The Makeup of a Flag Bearer: A look back at the Shimano Stella SR 2000s

Date: 5/15/07
Tackle type: Reels
Manufacturer: Shimano Japan
Reviewer: Cal

Total Score: 8.83

It's no secret that I am a nut for top-end gear. It goes part and parcel with the title of "Enthusiast Tackle Editor". But there comes a time, place, and piece of equipment where even I have to think twice, or three times before committing to a purchase. This bit of hesitation, reluctance, trepidation, has never been more apparent than when the subject of Shimano's top-end spinning reel came up. Why would I ever need to spend the extra bit of cash on the Stella when I was perfectly satisfied with my Daiwa Certate? Well, as any good Enthusiast would do, when presented with such a question in mind, I tossed aside these reservations and decided to find out for myself. Here's a look back at what I discovered about this reel, as we prepare for the impending arrival of the next generation Stella. 


Shimano Stella SR 2000s Specifications

Line Capacity (lbs / yds) 3/125 : 4/100 : 5/75
Gear Ratio (actual retrieve) 5.2:1 (~27 inches per turn)
Measured Weight 8.1 ounces / 230 grams
Measured Max. Drag 7lbs
Bearings 12 + 1 roller
Features Magnesium Body Construction, ARB's, One-Piece Bail, Water-Proof Single Disc Drag, SR Engineering
MSRP $530 (Approx. Import Price)

Some of you may be asking, "didn't TackleTour already complete a review on the Stella?" Yes, we did, but we ran into some mechanical difficulties with the previous article, and so, it was sent back to the shop for a take down and relube. After some reformatting, resizing, and re-testing, we present to you, again, our findings on this flagship product from Shimano Japan.


Introducing the Shimano Japan Stella SR 2000s (Shallow Spool)


Impressions: Shimano's Stella SR (FB in the US Market) may very well be the single most attractive spinning reel on the market today. With its gunmetal-like finish, and attention grabbing spool design, there is no denying the "badness" factor in this reel. Holding it in hand as opposed to viewing it in pictures only proves more devastating, and of course, once in hand, the Stella SR is hard to put down.


The Stella SR sports an attractive machined handle with a bearing supported knob

Our 2000s ("s" for shallow spool) came to us tucked neatly into a protective neoprene case that includes a slot in the back for the reel's attractive, machined handle. I took the pieces out immediately, installed the handle, and turned it to reveal the signature silky smooth Shimano gearing. This bit of euphoria was interrupted, however, when I discovered a bit of play at the point where the handle attaches to the body. On our 2000s, I discovered a bit of movement when holding the base of the handle and moving it in a direction perpendicular to the body of the reel. While nothing catastrophic, this bit of play was a bit of disappointment for me on such a high dollar reel.

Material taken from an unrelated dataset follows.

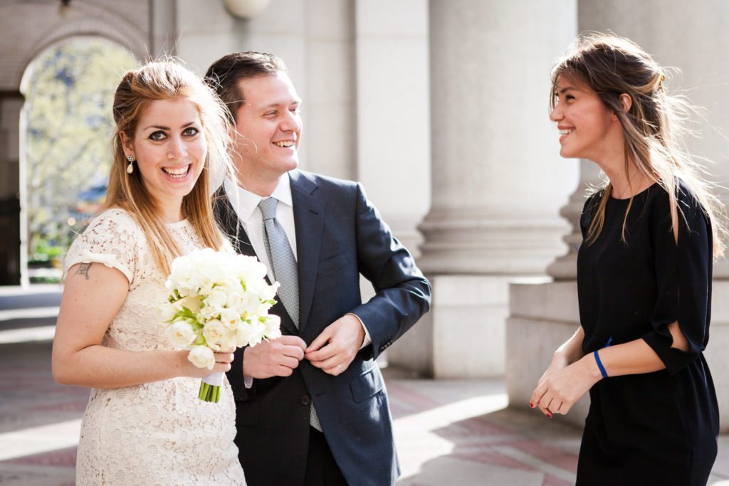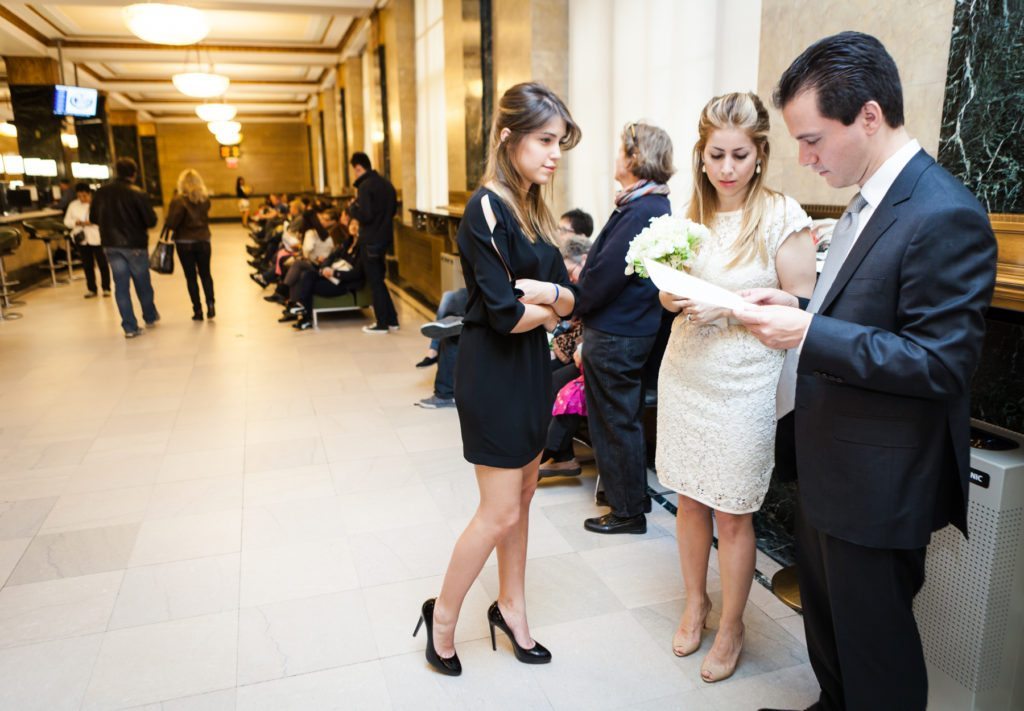 I recently had the great honor of photographing the wedding of Seda and Omer at their Manhattan Marriage Bureau wedding. They are a lovely couple who were joined by Omer’s sister (and wedding witness!), Layla, as they patiently waited for their number to be called. The whole process took approximately one hour on a Friday morning. The lesson here is that if you are going to get marriage at the Manhattan Marriage Bureau on a Friday, then make sure you get there early. Weddings taking place in the afternoon can include a wait of two hours or more.

The Stella SR comes with its very own neoprene carrying case

Our Stella SR spooled and ready to go aboard our Megabass F4ST-69RSDti

The Field Tests: Casting that bit of disappointment aside, the next decision was what line to spool this reel with. With such a shallow spool, the primary purpose of this reel, obviously, is finesse applications. My favorite line to this day, when fishing finesse applications, is the Original P-line: an early copolymer noted for its very thin diameter and properly rated breaking strength (i.e. 6lbs breaks at about 6lbs, etc.).

Shimano Stella SR 2000s Complete Field Test Setup




Shimano Stella SR 2000s

Megabass F4ST-69RSDti Orochi Evoluzion

6 lb P-Line Original (80yds - .0009" dia)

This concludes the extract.